*** Block opens ***
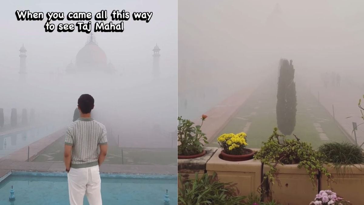 A tourist from the UK was recently left disappointed during his visit to the iconic Taj Mahal in Agra. Han (@hispassport), a vlogger, shared a clip showing the monument almost completely obscured by fog/smog. The famous landscapes framing it were also swathed in white, leaving hardly anything visible. In the caption, the UK traveller wrote, "I travelled all the way to see the Taj Mahal... only for the mist to say 'not today'." In a later comment, he revealed that he had especially woken up early for this activity.
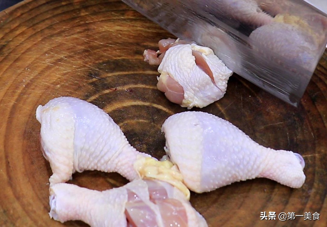 准备鸡腿几个,已经提前浸泡洗干净了,现在在每个鸡腿上面各划上几刀,这样更容易煮熟入味。
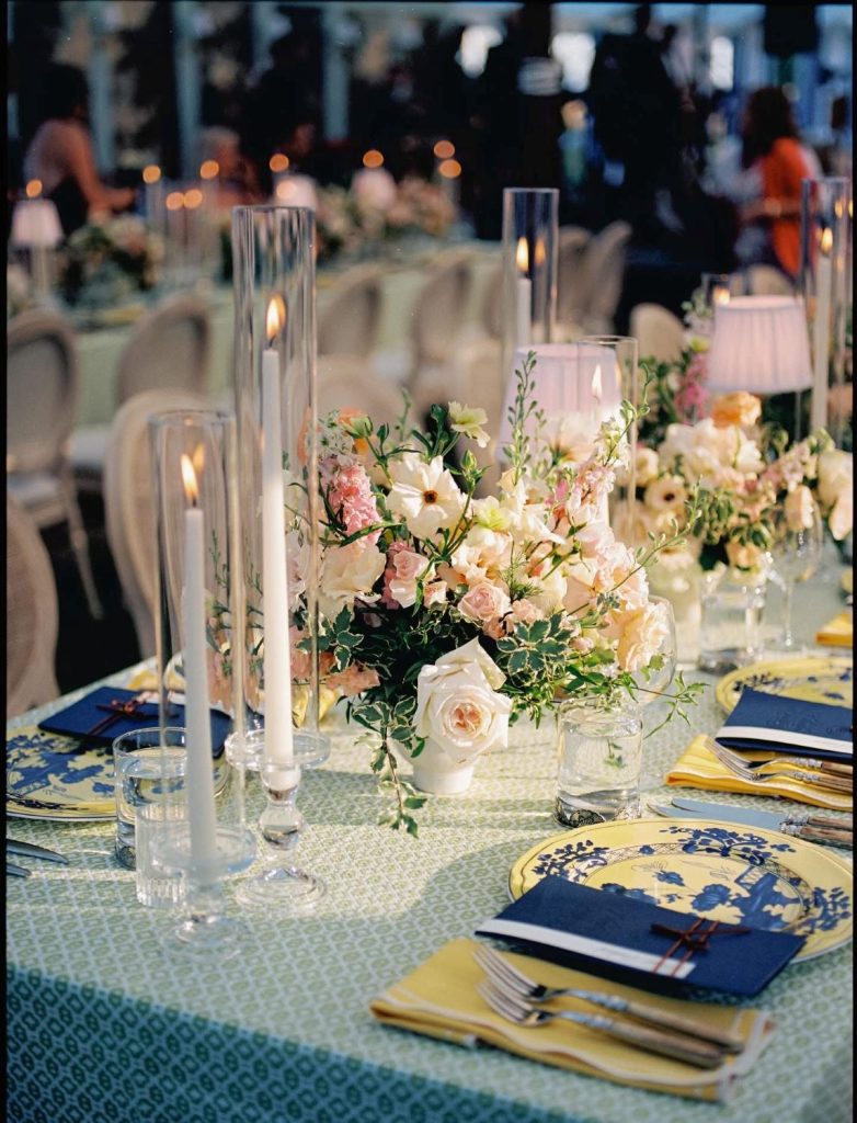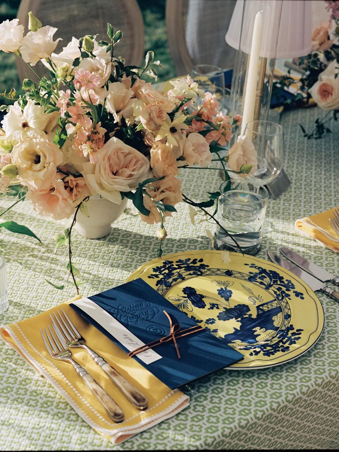 But their reception? Forest green linens, yellow napkins, patterned tablecloths in a geometric sage print, navy blue place settings on yellow charger plates with blue-and-white toile china stacked on top. Blush centerpieces in white ceramic urns. It was layered — confident and collected, not matchy-matchy.
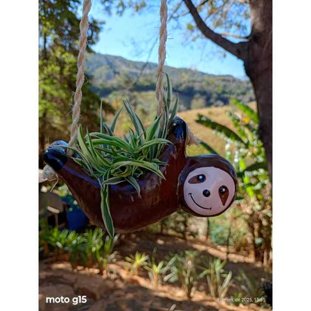 vaso preguiça para suculentas linda peça em cerâmica preguiça para suculentas em cerâmica ja vai com a cordinha para pendurar como na foto do anúncio nao acompanha arranjos!!! Medidas Altura : 8 CM Largura : 14 CM
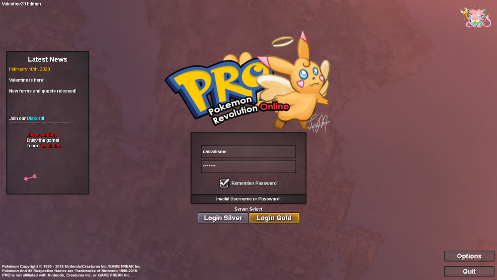 My case, I used to play Pokemon Pro 3 years ago, at that time there were still 4 servers and I had migrated when the server became 2, after a vacuum of 3 years I tried to return recently to play, I have 2 accounts and both of them on the silver server, I try to log in to my account which is the case, the notification is invalid username or password even though I tried to log in to the gold server on the account that failed to log in and it can, is there someone here who can help me? Thanks
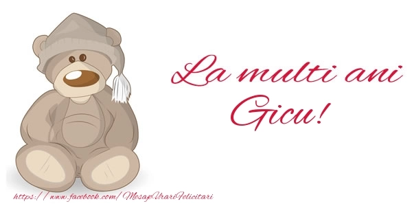 Această felicitare cu ursuleț simpatic din colecția noastră de felicitari de la multi ani cu numele Gicu are o notă de originalitate și îți oferă ocazia să faci o persoană să se simtă specială datorită faptului că acolo este numele ei. Felicitarea se poate descărca gratuit sau se poate trimite prin Whatsapp, Facebook, Twitter, Pinterest. Imagine de la mulți ani cu ursuleț simpatic cu dimensiunile 600px x 300px și cu textul La multi ani Gicu!.
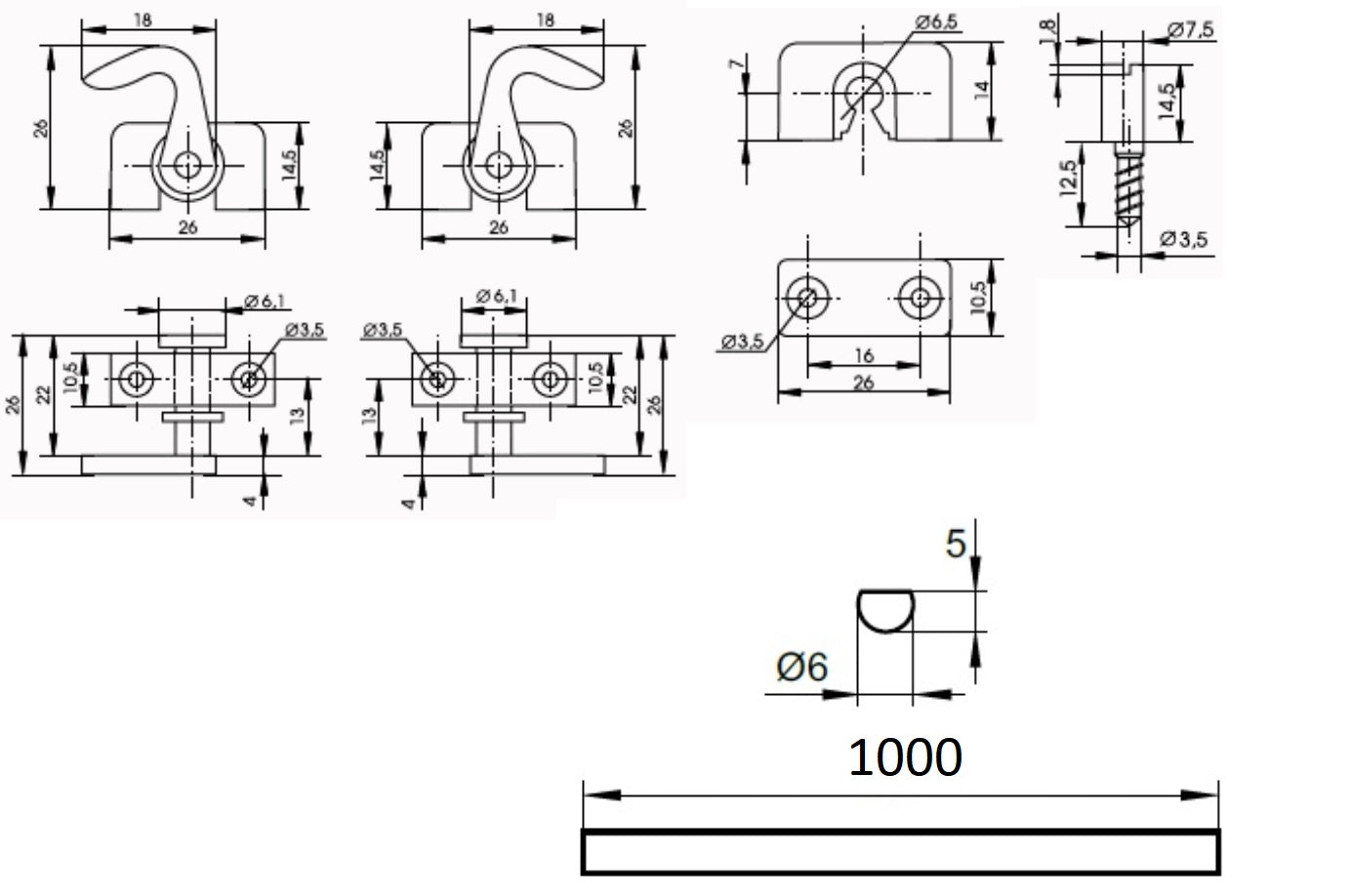 - La roue intérieure des serrures à crémone est en polypropylène (PP)
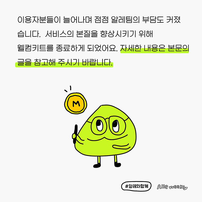알레 팀은 알레버스를 이용하시는 분들에게 진심 어린 고마움을 느끼고 있어요. 웰컴키트를 처음 시작했던 그 순수한 감정을 아직도 짙게 가지고 있습니다. 여러분을 반기던 웰컴키트는 사라지지만 더 편리하고 유용한 서비스가 되기 위해 노력 하겠습니다. 지켜봐 주세요!
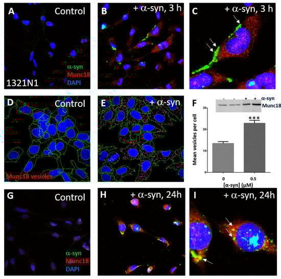 Munc18 is present in virtually all eukaryotic cells, including brain cells and the 1321N1 cell line, and is a generalized marker for endomembrane vesicles. In order to determine the effect of α-syn on Munc18-positive vesicles, 1321N1 cells were treated with exogenous human recombinant α-syn protein (0.5 µM) with granular α-syn accumulations at the cell periphery and increased cytoplasmic Munc18 puncta observed after 3 h incubation (Figure 4A–C) in treated compared to control vehicle-only cells. Munc18 was visualized via immunofluorescence, and the cells were imaged using compressed z-stacks by confocal microscopy. Munc18-positive vesicles and cells were counted via software analysis according to the inclusion and exclusion criteria described in Methods (Figure 1D,E). Experiments were conducted in triplicate and compared with controls (vehicle only). The average number of cells per field of view in the dataset was 22. Controls and treated groups were counted for the number of cells and the number of Munc18-positive vesicles based on DAPI and anti-Munc18 antibody immunostaining, respectively (Figure 4D,E). At the 3 h time point, the controls and α-syn treated groups were counted for the number of cells and number of Munc18-positive vesicles per cell based on DAPI and anti-Munc18 antibody immunostaining, respectively. Munc18-positive vesicles were significantly increased in mean number per cell after α-syn treatment (p, 0.001) and showed a 1.7-fold increase over controls (Figure 4F). Western blot analysis showed increased Munc18 expression in α-syn treated cells (Figure 4F, inset). As very little α-syn was observed within the cell body at 3 h incubation, being primarily at the cell periphery, we conducted an extended duration incubation with exogenous α-syn. At 24 h incubation, frequent cytoplasmic and perinuclear α-syn aggregates were observed (Figure 4G–I). The apparent slow uptake of exogenous α-syn is consistent with previous findings that uptake by primary rat astrocytes was slow in comparison with oligodendrocytes []. Occasional colocalization was observed between Munc18 puncta and α-syn (Figure 4C,I, arrows). Thus, exogenous WT α-syn treatment led to an activated phenotype as determined by extended morphology and increased GFAP expression (Figure 2A–F), as well as increased IL–6 secretion (Figure 4F) and increased Munc18-positive vesicles (Figure 4A–E) in 1321N1 cells, indicative of a secretory phenotype.
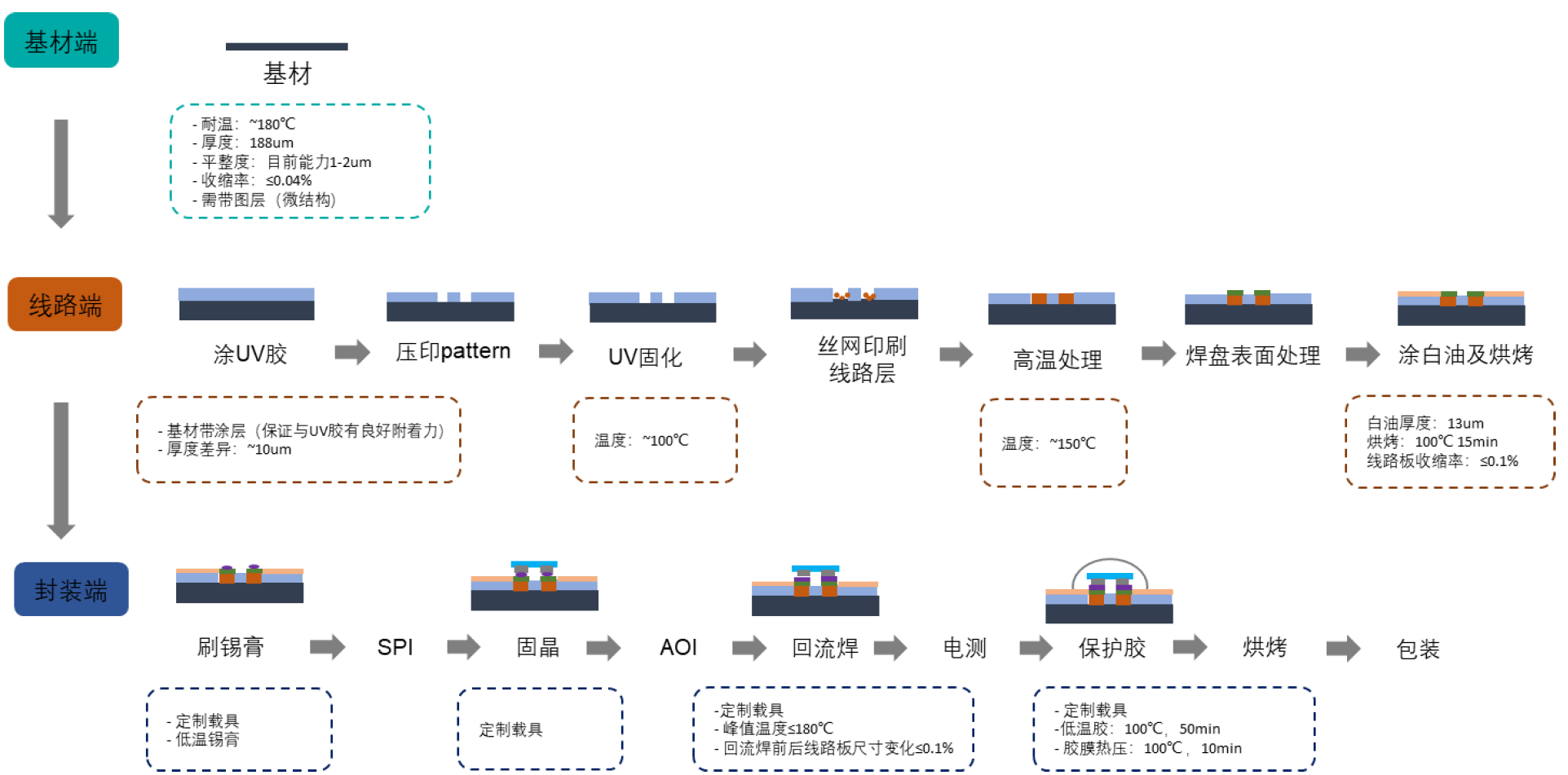 若选用PET基材(耐温180℃),注意选择低温锡膏,且回流焊曲线峰值不超过180℃,同时需要重点测试LED的推拉力、焊接可靠性及温升情况。
*** Block closes ***
Repeat the material above verbatim, with no pictures in the output.

• _RESULT OF THIS TASK_
 A tourist from the UK was recently left disappointed during his visit to the iconic Taj Mahal in Agra. Han (@hispassport), a vlogger, shared a clip showing the monument almost completely obscured by fog/smog. The famous landscapes framing it were also swathed in white, leaving hardly anything visible. In the caption, the UK traveller wrote, "I travelled all the way to see the Taj Mahal... only for the mist to say 'not today'." In a later comment, he revealed that he had especially woken up early for this activity.
 准备鸡腿几个,已经提前浸泡洗干净了,现在在每个鸡腿上面各划上几刀,这样更容易煮熟入味。
 But their reception? Forest green linens, yellow napkins, patterned tablecloths in a geometric sage print, navy blue place settings on yellow charger plates with blue-and-white toile china stacked on top. Blush centerpieces in white ceramic urns. It was layered — confident and collected, not matchy-matchy.
 vaso preguiça para suculentas linda peça em cerâmica preguiça para suculentas em cerâmica ja vai com a cordinha para pendurar como na foto do anúncio nao acompanha arranjos!!! Medidas Altura : 8 CM Largura : 14 CM
 My case, I used to play Pokemon Pro 3 years ago, at that time there were still 4 servers and I had migrated when the server became 2, after a vacuum of 3 years I tried to return recently to play, I have 2 accounts and both of them on the silver server, I try to log in to my account which is the case, the notification is invalid username or password even though I tried to log in to the gold server on the account that failed to log in and it can, is there someone here who can help me? Thanks
 Această felicitare cu ursuleț simpatic din colecția noastră de felicitari de la multi ani cu numele Gicu are o notă de originalitate și îți oferă ocazia să faci o persoană să se simtă specială datorită faptului că acolo este numele ei. Felicitarea se poate descărca gratuit sau se poate trimite prin Whatsapp, Facebook, Twitter, Pinterest. Imagine de la mulți ani cu ursuleț simpatic cu dimensiunile 600px x 300px și cu textul La multi ani Gicu!.
 - La roue intérieure des serrures à crémone est en polypropylène (PP)
알레 팀은 알레버스를 이용하시는 분들에게 진심 어린 고마움을 느끼고 있어요. 웰컴키트를 처음 시작했던 그 순수한 감정을 아직도 짙게 가지고 있습니다. 여러분을 반기던 웰컴키트는 사라지지만 더 편리하고 유용한 서비스가 되기 위해 노력 하겠습니다. 지켜봐 주세요!
 Munc18 is present in virtually all eukaryotic cells, including brain cells and the 1321N1 cell line, and is a generalized marker for endomembrane vesicles. In order to determine the effect of α-syn on Munc18-positive vesicles, 1321N1 cells were treated with exogenous human recombinant α-syn protein (0.5 µM) with granular α-syn accumulations at the cell periphery and increased cytoplasmic Munc18 puncta observed after 3 h incubation (Figure 4A–C) in treated compared to control vehicle-only cells. Munc18 was visualized via immunofluorescence, and the cells were imaged using compressed z-stacks by confocal microscopy. Munc18-positive vesicles and cells were counted via software analysis according to the inclusion and exclusion criteria described in Methods (Figure 1D,E). Experiments were conducted in triplicate and compared with controls (vehicle only). The average number of cells per field of view in the dataset was 22. Controls and treated groups were counted for the number of cells and the number of Munc18-positive vesicles based on DAPI and anti-Munc18 antibody immunostaining, respectively (Figure 4D,E). At the 3 h time point, the controls and α-syn treated groups were counted for the number of cells and number of Munc18-positive vesicles per cell based on DAPI and anti-Munc18 antibody immunostaining, respectively. Munc18-positive vesicles were significantly increased in mean number per cell after α-syn treatment (p, 0.001) and showed a 1.7-fold increase over controls (Figure 4F). Western blot analysis showed increased Munc18 expression in α-syn treated cells (Figure 4F, inset). As very little α-syn was observed within the cell body at 3 h incubation, being primarily at the cell periphery, we conducted an extended duration incubation with exogenous α-syn. At 24 h incubation, frequent cytoplasmic and perinuclear α-syn aggregates were observed (Figure 4G–I). The apparent slow uptake of exogenous α-syn is consistent with previous findings that uptake by primary rat astrocytes was slow in comparison with oligodendrocytes []. Occasional colocalization was observed between Munc18 puncta and α-syn (Figure 4C,I, arrows). Thus, exogenous WT α-syn treatment led to an activated phenotype as determined by extended morphology and increased GFAP expression (Figure 2A–F), as well as increased IL–6 secretion (Figure 4F) and increased Munc18-positive vesicles (Figure 4A–E) in 1321N1 cells, indicative of a secretory phenotype.
 若选用PET基材(耐温180℃),注意选择低温锡膏,且回流焊曲线峰值不超过180℃,同时需要重点测试LED的推拉力、焊接可靠性及温升情况。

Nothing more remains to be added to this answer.